### Directions
If you see a picture in the data below, omit it and copy the rest exactly.

### Supplied data
___

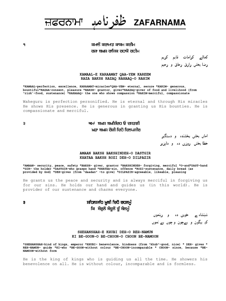 Safarnama and Zafarnama (The Life and Times of Guru Gobind .... 300 years ago, guru gobind singh ji had laid down the circumstances when a person or a nation can pick up the sword against. The lord is perfect in all faculties. Read 24 reviews from the world's largest community for readers. Written in exquisite persian verse, the zafarnama was a defiant message composed by guru gobind singh, the tenth sikh guru, and addressed to the mughal emperor aurangzeb, following a series of fierce battles between the imperial forces and sikh warriors. He is immortal and generous. The victory is of the lord. The lord is one and his word is true. The sacred utterance of the tenth sovereign. Zafarnama (the epistle of victory). This is the most quoted verse of zafarnama. Written in exquisite persian verse, the 'zafarnama' or 'epistle of victory' was a defiant message composed by guru gobind singh, the tenth sikh guru, and addressed to the mughal emperor aurangzeb. Mr rajinder sachar in his book recovery of india gives vivid details of the sacrifices made by the sikhs. Made through a holy book. Discover everything scribd has to offer, including books and audiobooks from major publishers. According to him out of 2175 persons martyred i have used both gurmukhi and roman scripts to write the zafarnama, verse by verse and then give the word meanings in english and finally the.
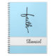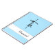 This notebook is shown with a faithful Faith Cross print and is shown in a light blue color with an accent strip with a custom sample name.
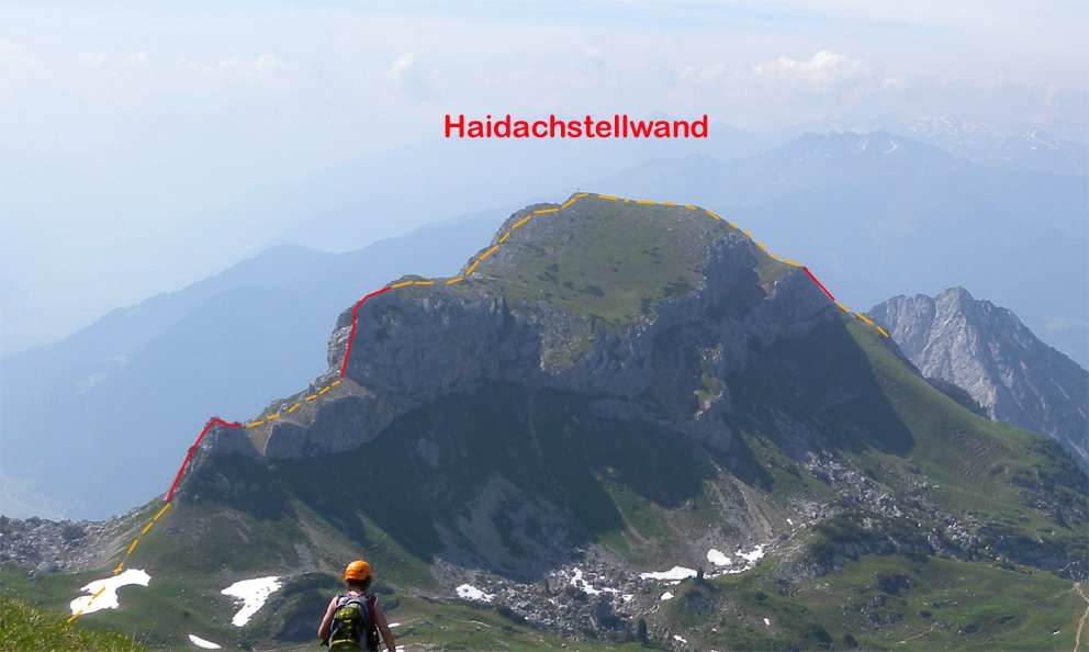 Bei viel Betrieb und schönem Wetter steigt man besser auf dem Nordgrat (B/C) auf die Haidachstellwand und geht hinten auf dem Wanderweg hinunter (sonst oft Gegenverkehr).

___

### Finished task
 Safarnama and Zafarnama (The Life and Times of Guru Gobind .... 300 years ago, guru gobind singh ji had laid down the circumstances when a person or a nation can pick up the sword against. The lord is perfect in all faculties. Read 24 reviews from the world's largest community for readers. Written in exquisite persian verse, the zafarnama was a defiant message composed by guru gobind singh, the tenth sikh guru, and addressed to the mughal emperor aurangzeb, following a series of fierce battles between the imperial forces and sikh warriors. He is immortal and generous. The victory is of the lord. The lord is one and his word is true. The sacred utterance of the tenth sovereign. Zafarnama (the epistle of victory). This is the most quoted verse of zafarnama. Written in exquisite persian verse, the 'zafarnama' or 'epistle of victory' was a defiant message composed by guru gobind singh, the tenth sikh guru, and addressed to the mughal emperor aurangzeb. Mr rajinder sachar in his book recovery of india gives vivid details of the sacrifices made by the sikhs. Made through a holy book. Discover everything scribd has to offer, including books and audiobooks from major publishers. According to him out of 2175 persons martyred i have used both gurmukhi and roman scripts to write the zafarnama, verse by verse and then give the word meanings in english and finally the.
 This notebook is shown with a faithful Faith Cross print and is shown in a light blue color with an accent strip with a custom sample name.
 Bei viel Betrieb und schönem Wetter steigt man besser auf dem Nordgrat (B/C) auf die Haidachstellwand und geht hinten auf dem Wanderweg hinunter (sonst oft Gegenverkehr).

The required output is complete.